Materials provided: Begin
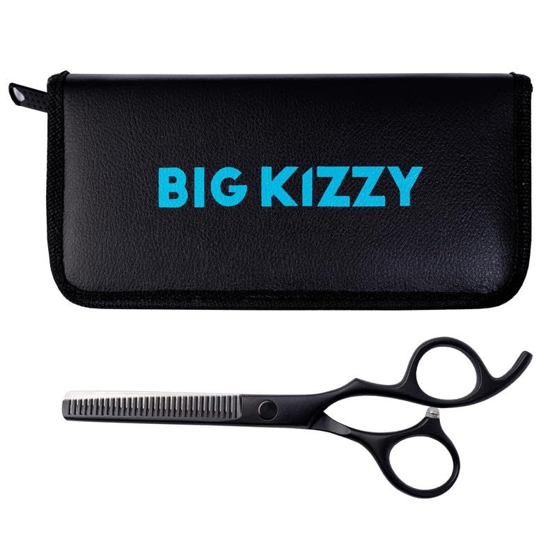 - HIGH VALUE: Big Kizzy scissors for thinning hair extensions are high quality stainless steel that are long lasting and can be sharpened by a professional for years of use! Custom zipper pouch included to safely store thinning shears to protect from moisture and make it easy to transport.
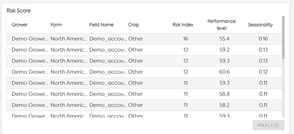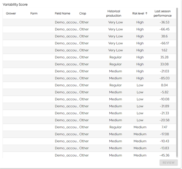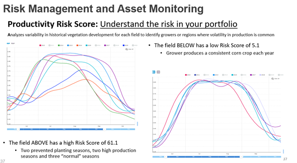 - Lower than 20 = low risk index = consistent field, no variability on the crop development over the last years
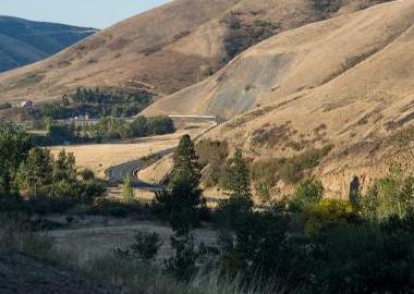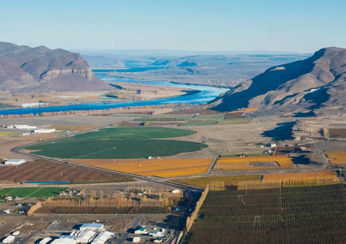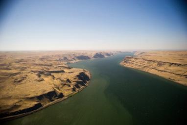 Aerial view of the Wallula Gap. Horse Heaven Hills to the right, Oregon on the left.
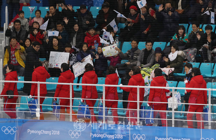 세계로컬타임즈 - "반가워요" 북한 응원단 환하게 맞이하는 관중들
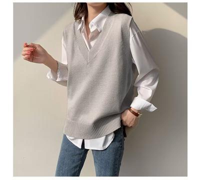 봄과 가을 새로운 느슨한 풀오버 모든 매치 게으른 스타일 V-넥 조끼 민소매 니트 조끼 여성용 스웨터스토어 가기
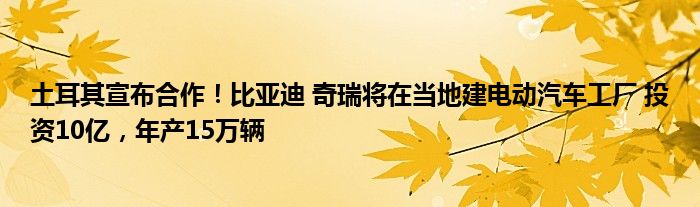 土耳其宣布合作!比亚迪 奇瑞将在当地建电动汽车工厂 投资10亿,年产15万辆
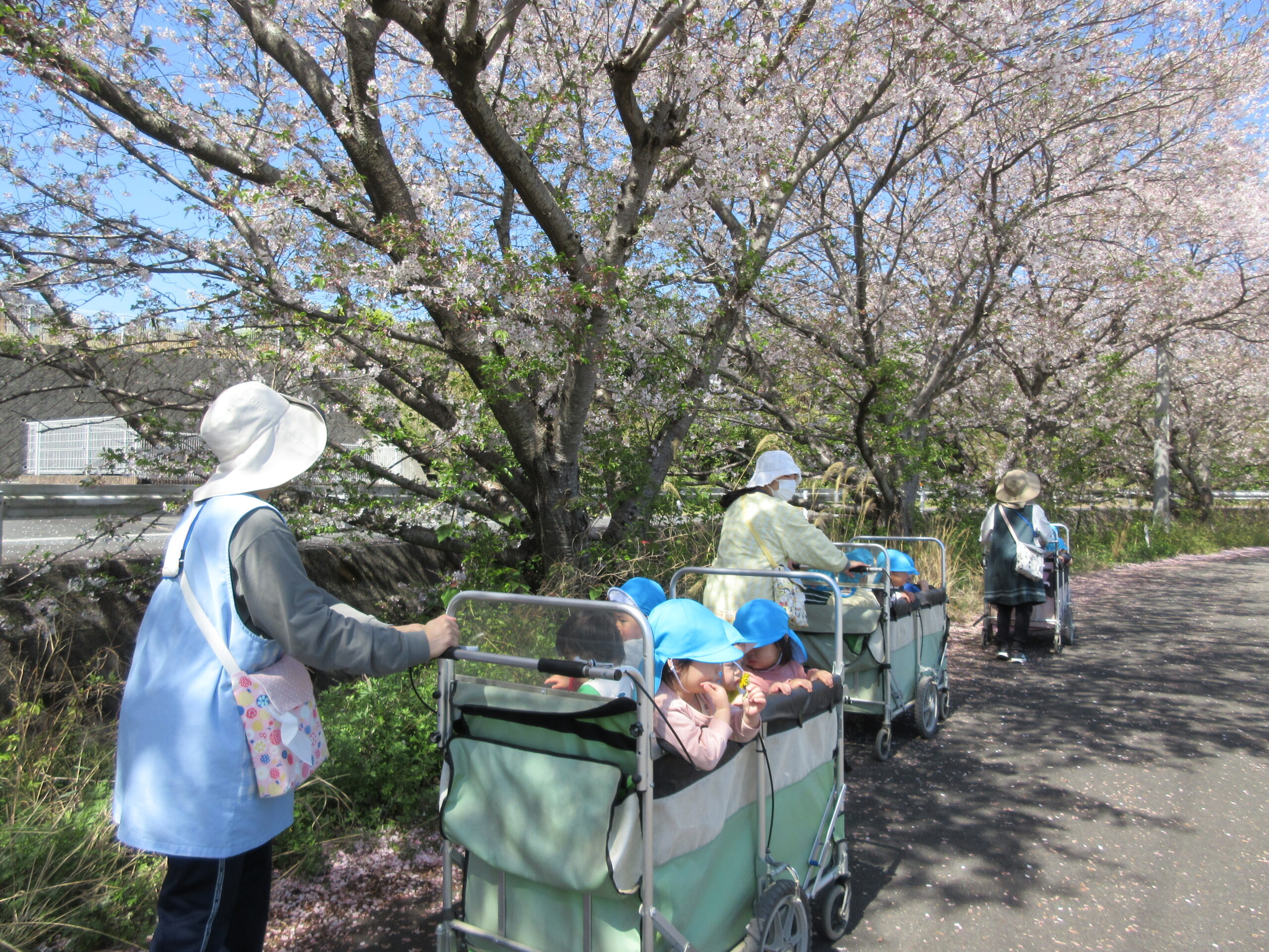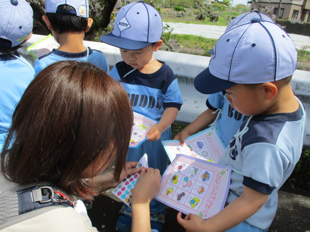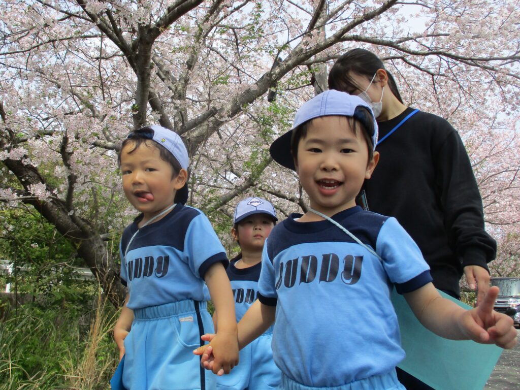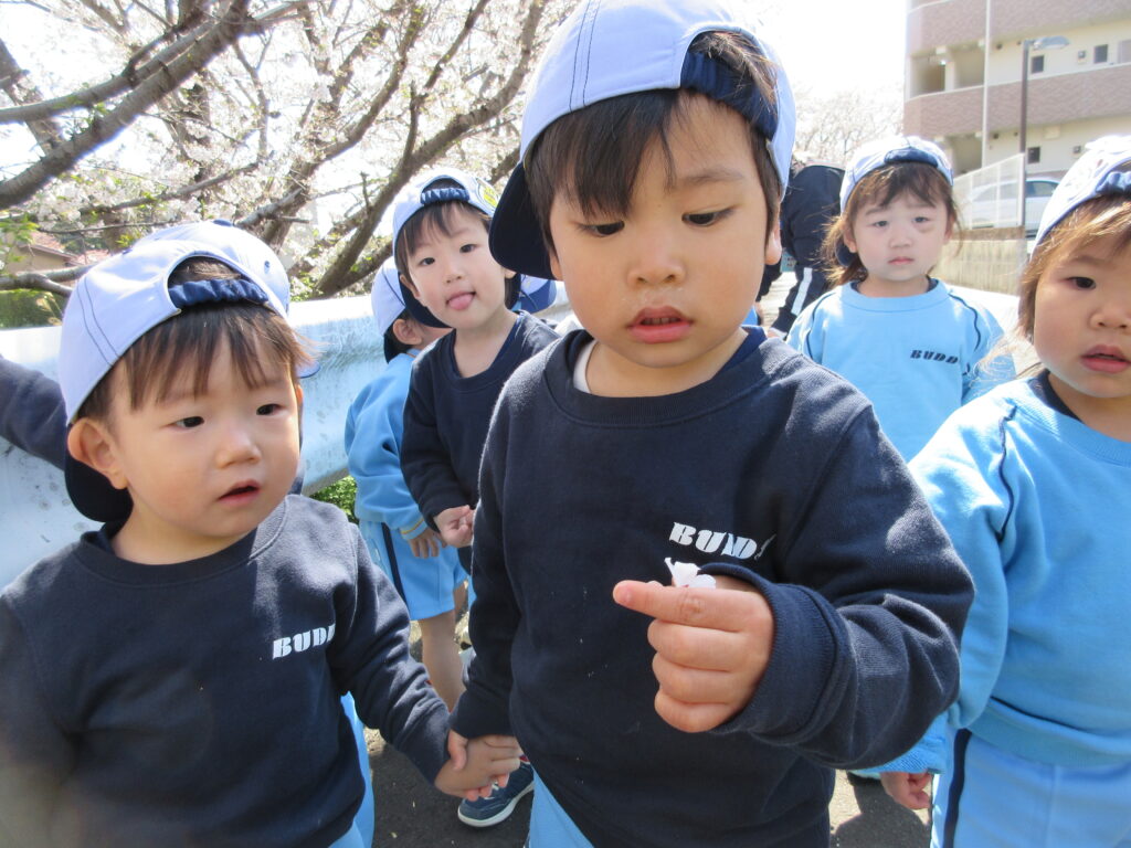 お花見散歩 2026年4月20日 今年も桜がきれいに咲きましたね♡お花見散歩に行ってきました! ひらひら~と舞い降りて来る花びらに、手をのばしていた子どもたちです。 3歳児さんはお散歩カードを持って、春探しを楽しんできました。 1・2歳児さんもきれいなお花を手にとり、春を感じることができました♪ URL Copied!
Materials provided: End
Materials provided: Begin
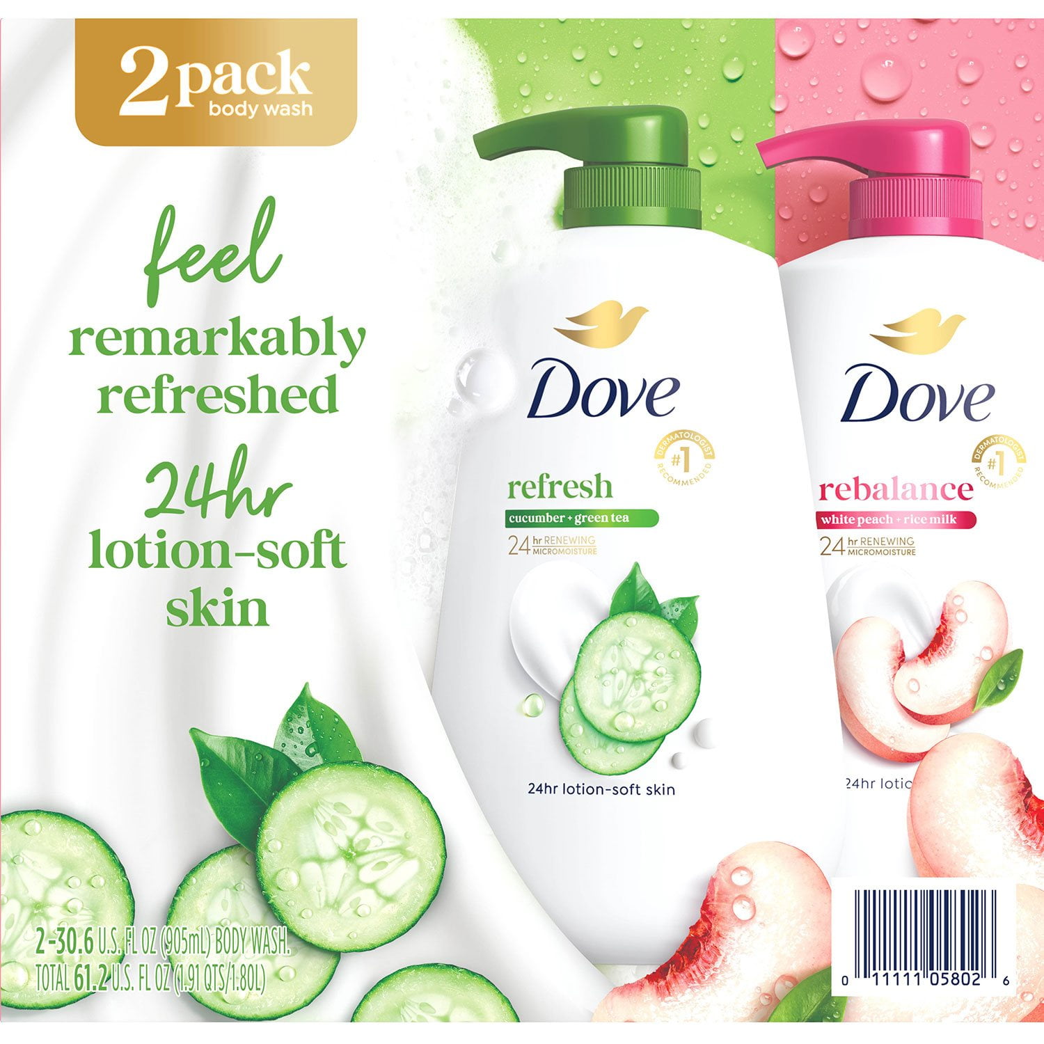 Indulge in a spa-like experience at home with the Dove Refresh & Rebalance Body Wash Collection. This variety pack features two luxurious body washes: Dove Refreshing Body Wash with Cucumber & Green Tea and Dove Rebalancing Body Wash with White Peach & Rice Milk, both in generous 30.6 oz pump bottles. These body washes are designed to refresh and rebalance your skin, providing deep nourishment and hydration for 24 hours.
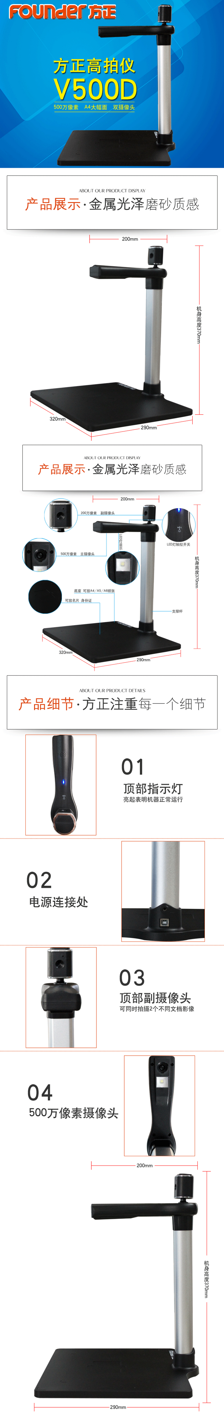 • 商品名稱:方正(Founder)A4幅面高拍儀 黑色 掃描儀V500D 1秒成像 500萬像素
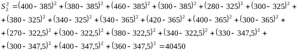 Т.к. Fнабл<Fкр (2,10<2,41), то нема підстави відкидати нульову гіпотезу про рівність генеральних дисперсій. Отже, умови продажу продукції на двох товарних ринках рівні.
Materials provided: End
• Exercise directions: Going back to the data above, write out everything from the line with "- HIGH VALUE: Big" down to the line with "土耳其宣布合作!比亚迪 奇瑞将在当地建电动汽车工厂 投资10亿,年产15万辆", both included, leaving every picture out.

• Final answer:
 - HIGH VALUE: Big Kizzy scissors for thinning hair extensions are high quality stainless steel that are long lasting and can be sharpened by a professional for years of use! Custom zipper pouch included to safely store thinning shears to protect from moisture and make it easy to transport.
 - Lower than 20 = low risk index = consistent field, no variability on the crop development over the last years
 Aerial view of the Wallula Gap. Horse Heaven Hills to the right, Oregon on the left.
 세계로컬타임즈 - "반가워요" 북한 응원단 환하게 맞이하는 관중들
 봄과 가을 새로운 느슨한 풀오버 모든 매치 게으른 스타일 V-넥 조끼 민소매 니트 조끼 여성용 스웨터스토어 가기
 土耳其宣布合作!比亚迪 奇瑞将在当地建电动汽车工厂 投资10亿,年产15万辆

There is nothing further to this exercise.